Of course, the outcome is not dependent on us being intelligent, the outcome is already written in, or locked in, and what has already happened is the key to what is going to happen, no matter how many brilliant little people think they are going to make it happen another way..

These things, our barely alive coronavirus companions, have to win a little and lose a little, if they always won they would he long gone.
If they always lost, they would be long gone.

Good luck,
and ----

next time one of your pals who graduated from some silly computer PHD program tells you about how he is helping create AI systems that will make life so so much more simple

take the poor little wretch aside, speak to him man to man, and tell him to give it up and find a real job.
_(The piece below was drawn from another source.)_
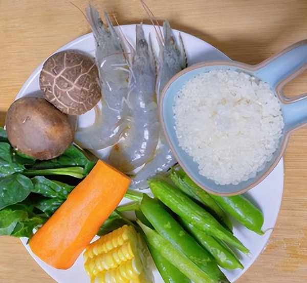 用料:鲜虾20只,青豆1把,玉米1根,胡萝卜半根,香菇6朵,青菜适量,姜适量,香葱1根,大米适量

His April 17, 2:38 pm twitter comment was particularly hubristic

You retest the positives, and then retest them again. This is how it is done.
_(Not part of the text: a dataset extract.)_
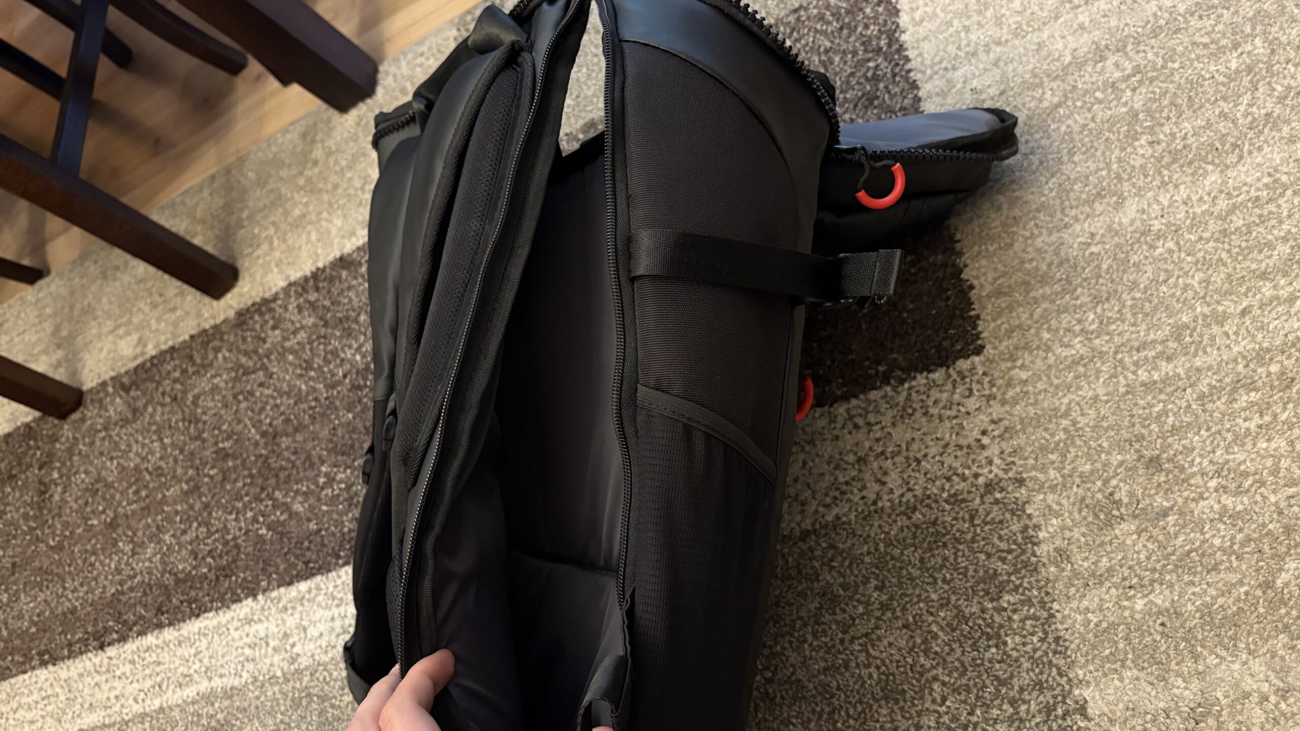 Już po dotarciu do mnie plecaka byłem zadowolony przede wszystkim z jego pojemności i głębokości, w skrócie? Pojemności. Z zewnątrz, przed zajrzeniem jeszcze do środka sprawiał wrażenie ciekawej opcji na wyjście w góry. Niewątpliwym atutem Rangera 600G jest jego bardzo duża pojemność. To plecak, który cieszy się solidną głębokością i naprawdę można do niego sporo zmieścić. Poza laptopem na spokojnie wejdą tu jeszcze dwie, jak nie trzy klawiatury. Dlatego też, jeżeli pod względem wymiarów zastanawiacie się nad ewentualnym plecakiem, który niekoniecznie ma służyć do transportu laptopa, a stanowiska, to zda on egzamin po prostu dobrze. Mnogość kieszonek z kolei powinna przełożyć się na to, że nie będziemy zmuszeni do długich poszukiwań małych rzeczy. Te dodatkowo pozwalają na rozplanowanie co i gdzie umieszczamy.

I have a feeling, though, that the results will never be clean enough for some people. There is an enormous amount of reputation now invested in the worldwide lockdowns- any result that shows that perhaps the virus isn't as fatal as was believed from the RT-PCR tests will find it itself under both legitimate attack (Balaji's critique is solid) and illegitimate attack.
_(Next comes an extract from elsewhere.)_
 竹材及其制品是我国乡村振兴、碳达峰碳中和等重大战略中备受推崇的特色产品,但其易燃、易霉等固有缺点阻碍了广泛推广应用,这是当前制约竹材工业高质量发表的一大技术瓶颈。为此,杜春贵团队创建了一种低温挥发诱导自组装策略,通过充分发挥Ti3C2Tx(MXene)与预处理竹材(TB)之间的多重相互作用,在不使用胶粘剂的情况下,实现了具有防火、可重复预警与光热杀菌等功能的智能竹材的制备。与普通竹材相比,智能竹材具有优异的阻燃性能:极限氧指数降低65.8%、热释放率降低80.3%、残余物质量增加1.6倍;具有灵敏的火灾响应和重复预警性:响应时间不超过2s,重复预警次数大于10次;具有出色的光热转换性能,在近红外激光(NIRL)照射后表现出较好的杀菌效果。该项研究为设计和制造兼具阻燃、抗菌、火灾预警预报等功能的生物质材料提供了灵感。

In the end, I expect we will find the true mortality rate is 0.5% or less -this does seem to be the forming consensus from the serological studies done so far along with the random RT-PCR results that are starting to be disclosed.

> You retest the positives, and then retest them again

Which fixes for sampling errors and testing errors, but not false positives in the actual antibody test itself.

For interest, I reviewed the documentation for a chinese antigen test last week. the stated false negative rate was 3% (not considering underlying pathogenic issues). I would have been quite surprised if it was lower. So I'm not impressed by any of these population scans using antigen testing. The paper doesn't even mention false negatives in the abstract - instant fail from me if I peer reviewed it

How does it fix sampling errors? It's clear that there was an incentive for people with recent symptoms to get a free test that they couldn't get elsewhere to confirm if they'd had the virus. This was not a random sample. People were self selected, and could bring one person from their household to also be tested.

What the Stanford team needs to do in addition to retesting their positives twice or more is to take samples from a much hotter hot spot, like The Bronx- there you are pretty certain to find a significantly higher ratio of anti-body positive people.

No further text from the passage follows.